# [Activity]
Take the lines below from the one with "#条件单交流##定价卖出晒单" through the one with "העתק מפתח והדבק" and print only them, exactly. Don't print the pictures.

# [Available data]
-*-*-

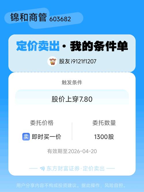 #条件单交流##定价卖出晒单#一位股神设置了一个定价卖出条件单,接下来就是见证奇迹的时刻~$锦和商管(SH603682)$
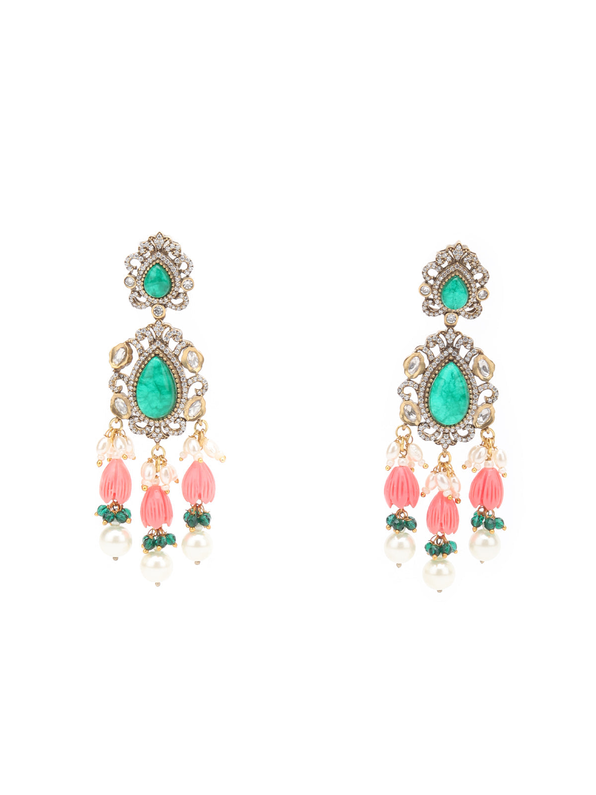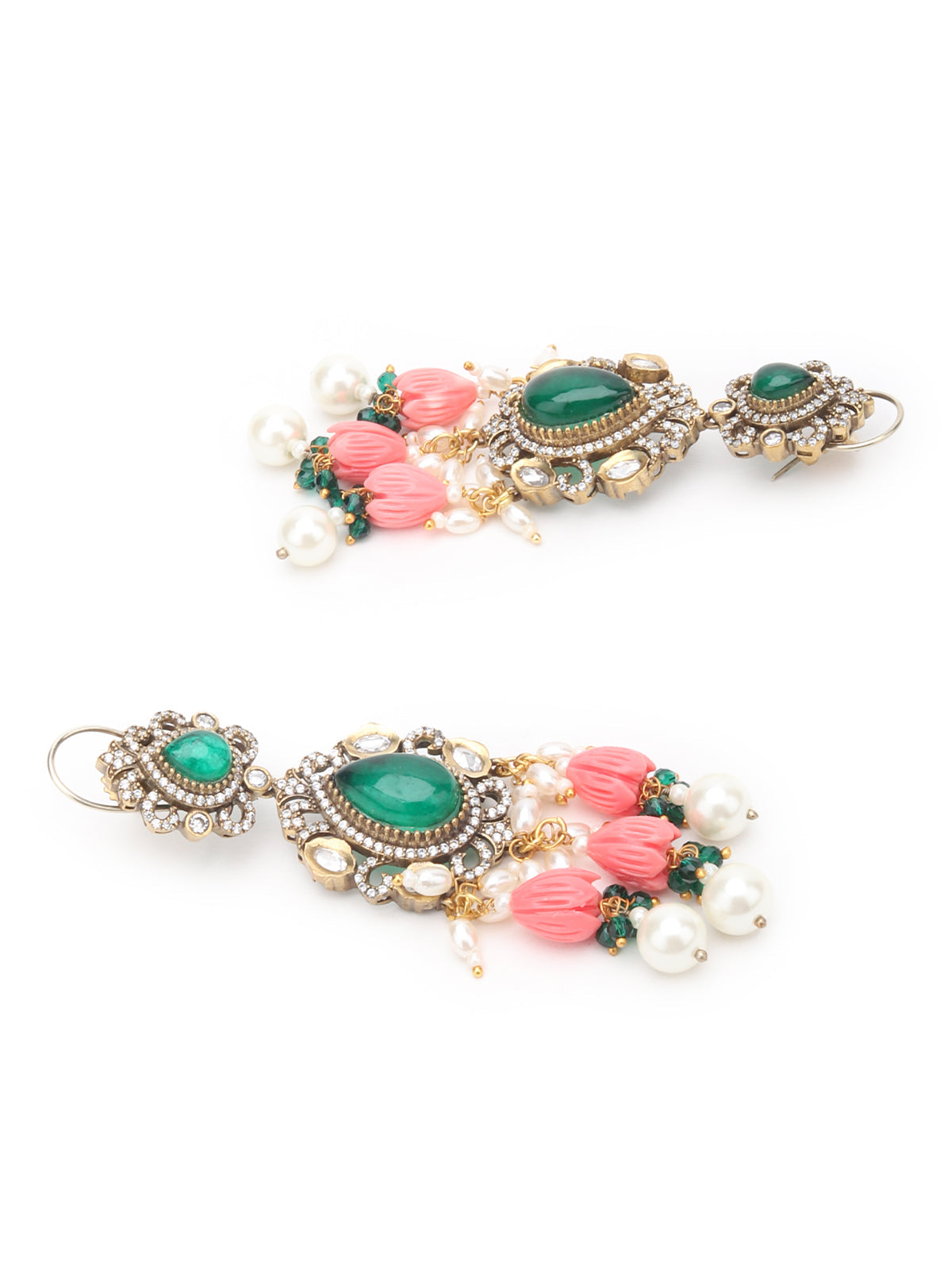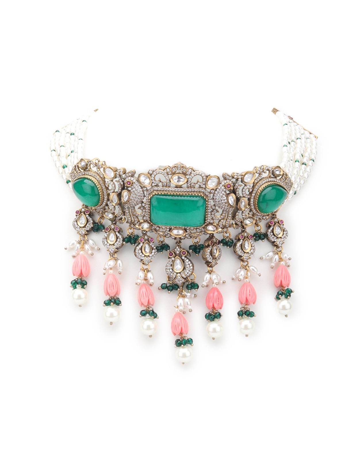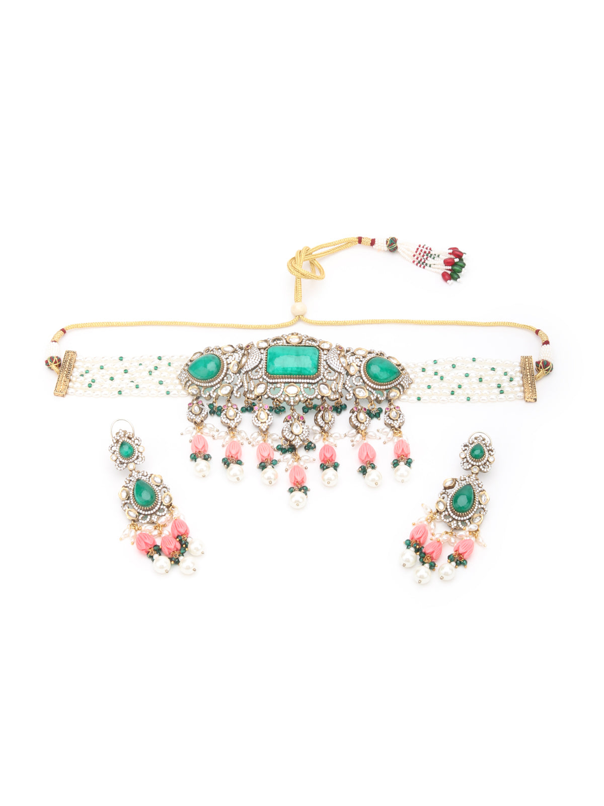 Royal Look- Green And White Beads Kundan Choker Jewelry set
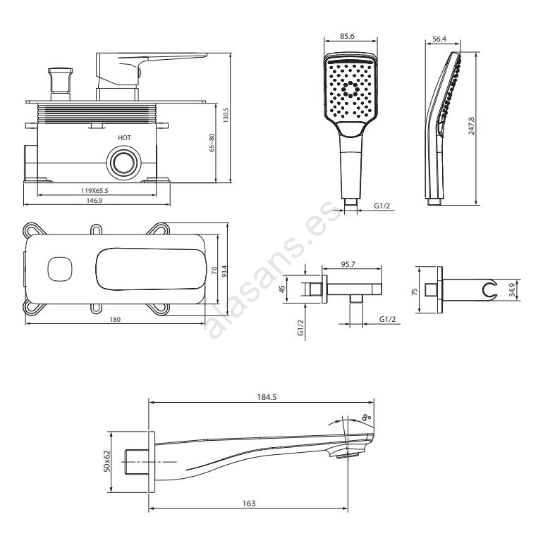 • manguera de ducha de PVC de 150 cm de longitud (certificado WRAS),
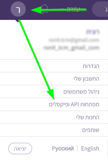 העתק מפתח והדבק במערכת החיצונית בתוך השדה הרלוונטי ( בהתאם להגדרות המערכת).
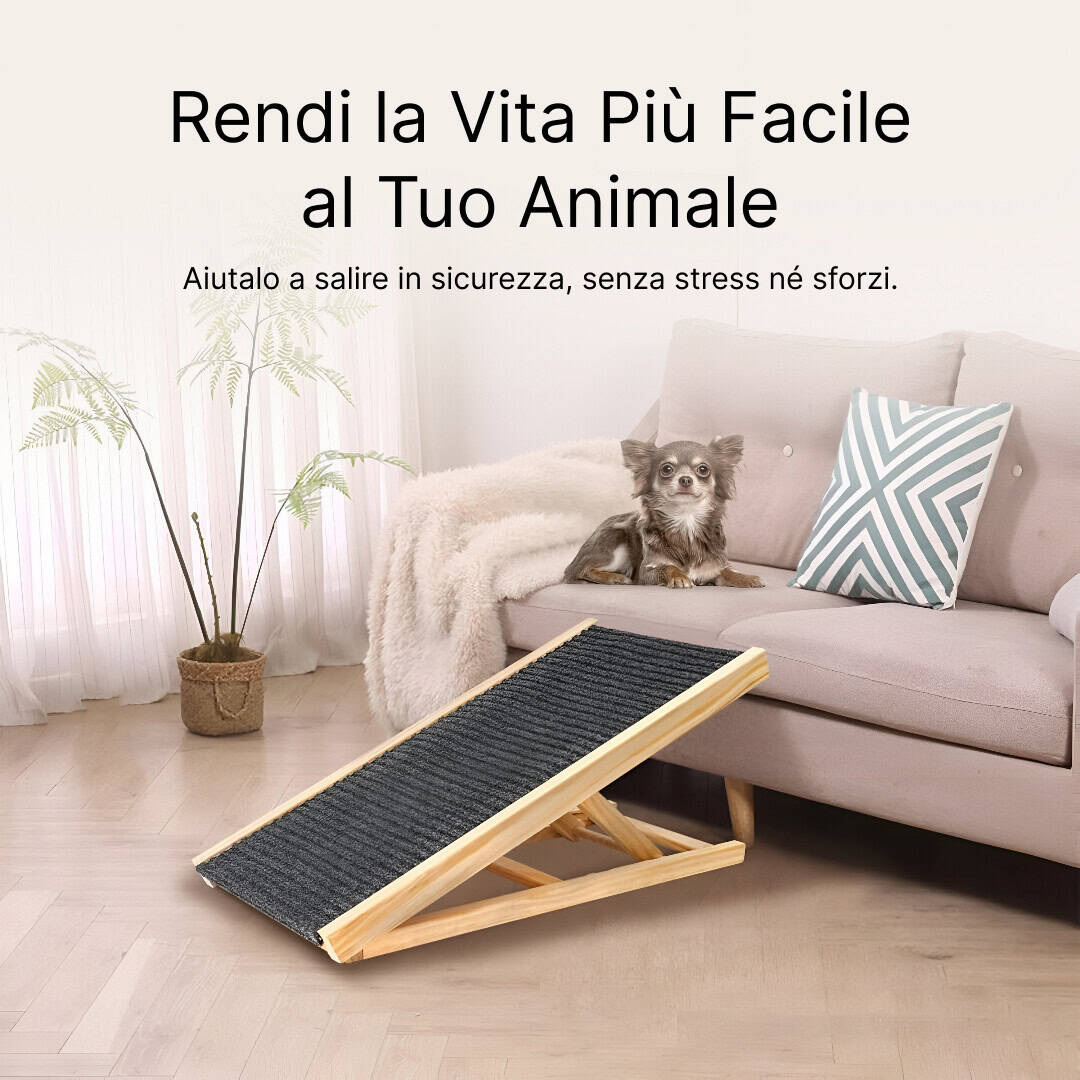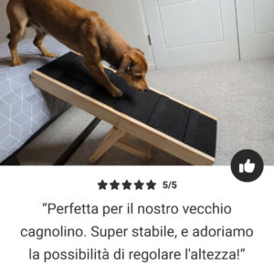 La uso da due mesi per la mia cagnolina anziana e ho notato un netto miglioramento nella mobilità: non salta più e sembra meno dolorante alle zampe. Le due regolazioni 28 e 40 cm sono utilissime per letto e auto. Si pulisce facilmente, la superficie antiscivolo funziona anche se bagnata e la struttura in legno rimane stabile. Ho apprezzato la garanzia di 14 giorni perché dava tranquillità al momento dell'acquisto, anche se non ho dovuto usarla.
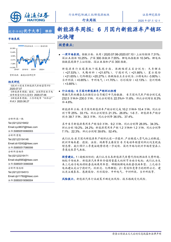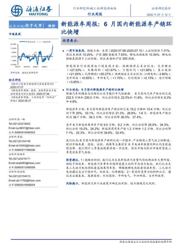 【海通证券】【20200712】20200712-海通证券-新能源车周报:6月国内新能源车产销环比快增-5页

-*-*-

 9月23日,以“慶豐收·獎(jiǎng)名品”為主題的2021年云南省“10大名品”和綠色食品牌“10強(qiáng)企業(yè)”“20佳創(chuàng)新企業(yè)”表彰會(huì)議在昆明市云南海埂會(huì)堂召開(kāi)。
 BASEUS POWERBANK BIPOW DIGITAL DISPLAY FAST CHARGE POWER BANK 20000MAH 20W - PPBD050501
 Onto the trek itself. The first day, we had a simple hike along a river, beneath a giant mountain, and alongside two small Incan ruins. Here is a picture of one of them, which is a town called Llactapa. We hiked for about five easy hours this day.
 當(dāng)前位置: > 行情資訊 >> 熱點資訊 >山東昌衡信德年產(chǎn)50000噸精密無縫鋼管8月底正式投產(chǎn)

-*-*-

# [Answer box]
 #条件单交流##定价卖出晒单#一位股神设置了一个定价卖出条件单,接下来就是见证奇迹的时刻~$锦和商管(SH603682)$
 Royal Look- Green And White Beads Kundan Choker Jewelry set
 • manguera de ducha de PVC de 150 cm de longitud (certificado WRAS),
 העתק מפתח והדבק במערכת החיצונית בתוך השדה הרלוונטי ( בהתאם להגדרות המערכת).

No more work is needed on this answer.